🤖 AI Summary
High-resolution remote sensing image semantic segmentation faces challenges including complex spatial layouts, multi-scale objects, and the difficulty of jointly preserving fine-grained local details and global contextual semantics. To address these, we propose the Region-Aware Proxy Network (RAPNet), the first Transformer-based framework operating at the region level: it constructs proxy nodes from semantically coherent regions and models long-range dependencies via region-context attention, while refining inter-class relationships across regions using a globally learned class-wise attention map. RAPNet integrates region-level feature aggregation, semantic mask guidance, and adaptive multi-source feature fusion—achieving a balanced trade-off between local structural fidelity and global semantic coherence without compromising computational efficiency. Extensive experiments demonstrate that RAPNet significantly outperforms state-of-the-art methods on three benchmark remote sensing datasets, with consistent improvements in boundary consistency and multi-class segmentation accuracy.
📝 Abstract
High-resolution remote sensing (HRRS) image segmentation is challenging due to complex spatial layouts and diverse object appearances.
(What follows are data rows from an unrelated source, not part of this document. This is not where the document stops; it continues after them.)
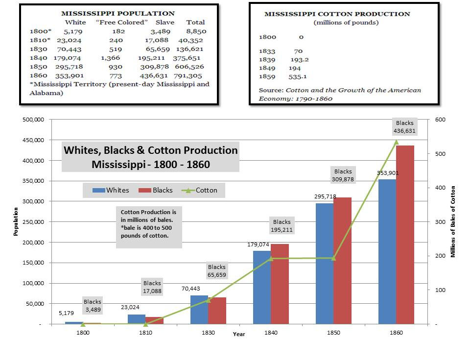 Cotton production, processing and export created an incredible economic incentive to expand slavery. As indicated on the Mississippi Historical website: “Mississippi’s social and economic histories in early statehood were driven by cotton and slave labor, and the two became intertwined in America. Cotton was a labor-intensive business, and the large number of workers required to grow and harvest cotton came from slave labor until the end of the American Civil War. Cotton was dependent on slavery and slavery was, to a large extent, dependent on cotton. After emancipation, African Americans were still identified with cotton production.”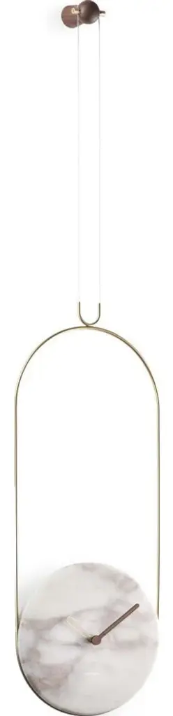 Add a decorative touch to your modern home with the Colgante Walnut Wall Clock by Nomon. From Spanish designer Andres Martinez this minimalistic piece starts with a slim metal ring that smoothly upholds the rounded clock. Crafted from solid walnut wood the clock presents a smooth and natural surface with matching wooden and polished metal hands adorning its face.Specifications:Designed by Andres MartinezMaterial: WoodRing Color: GoldItem: Width 11.8" Height 31.1" Depth 3.14"Manufactured In: SpainWeight: 4.41Lbs
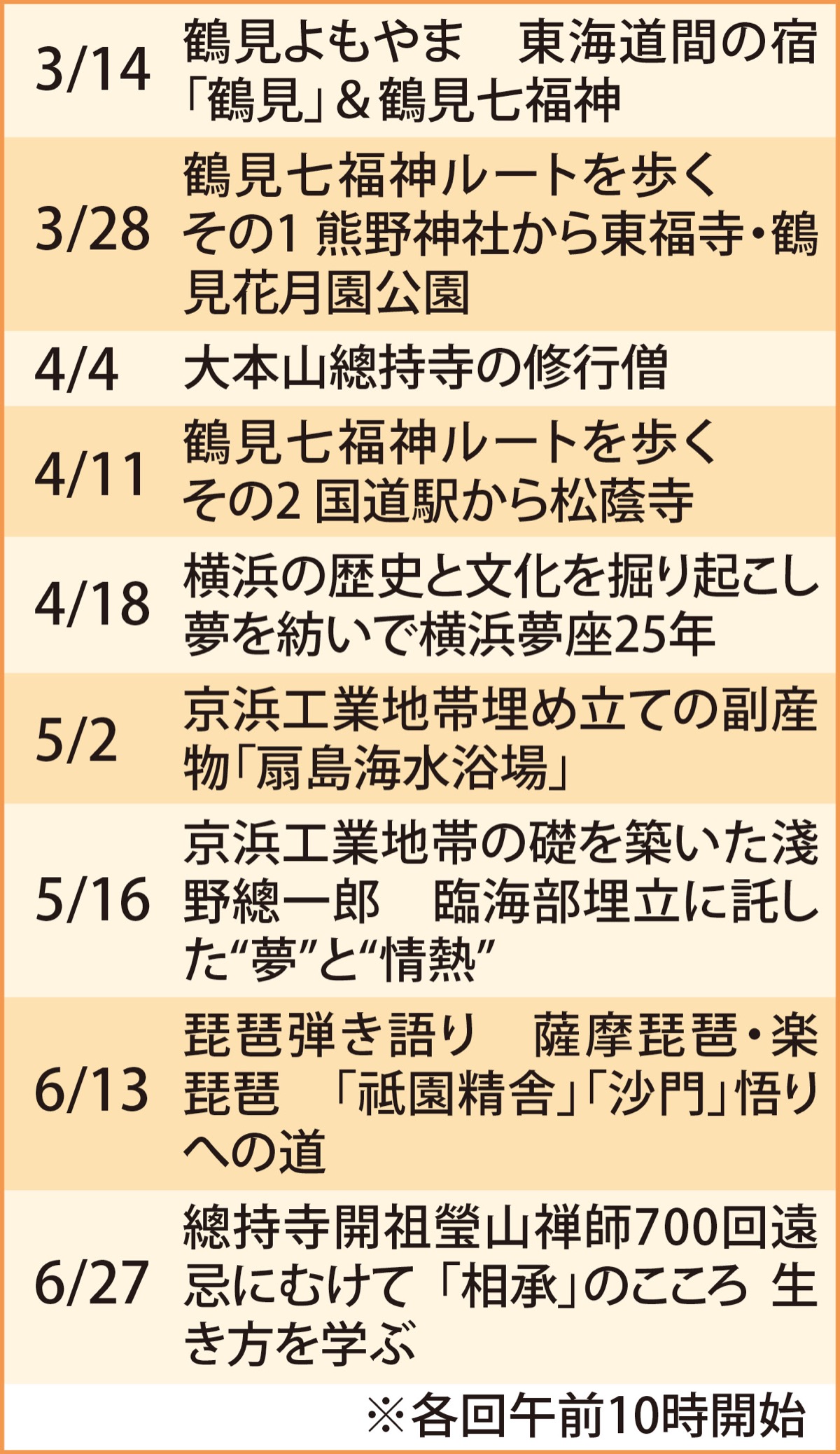 各回の日程や内容は表参照。募集は40人で応募多数抽選。参加費は全9回で4500円(実費が必要な場合は各自負担)。申込みは2月28日までに、往復はがきに講座名、住所、氏名、電話番号、返信先住所、氏名を記載し、〒230-0076鶴見区馬場4の39の1寺尾地区センター寺子屋環塾係へ。問合せは同会齋藤さん【携帯電話】090・3812・4982。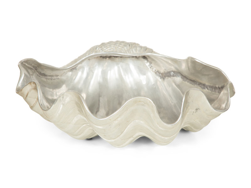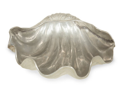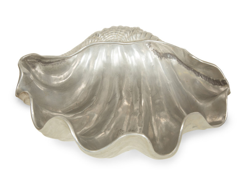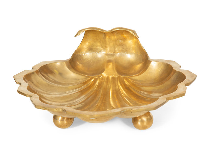 comprising a brass footed dish, an Arthur Court aluminium bowl and a Wilton clam shell bowl.

While CNNs excel at capturing local features, they struggle with long-range dependencies, whereas Transformers can model global context but often neglect local details and are computationally expensive.We propose a novel approach, Region-Aware Proxy Network (RAPNet), which consists of two components: Contextual Region Attention (CRA) and Global Class Refinement (GCR). Unlike traditional methods that rely on grid-based layouts, RAPNet operates at the region level for more flexible segmentation. The CRA module uses a Transformer to capture region-level contextual dependencies, generating a Semantic Region Mask (SRM). The GCR module learns a global class attention map to refine multi-class information, combining the SRM and attention map for accurate segmentation.Experiments on three public datasets show that RAPNet outperforms state-of-the-art methods, achieving superior multi-class segmentation accuracy.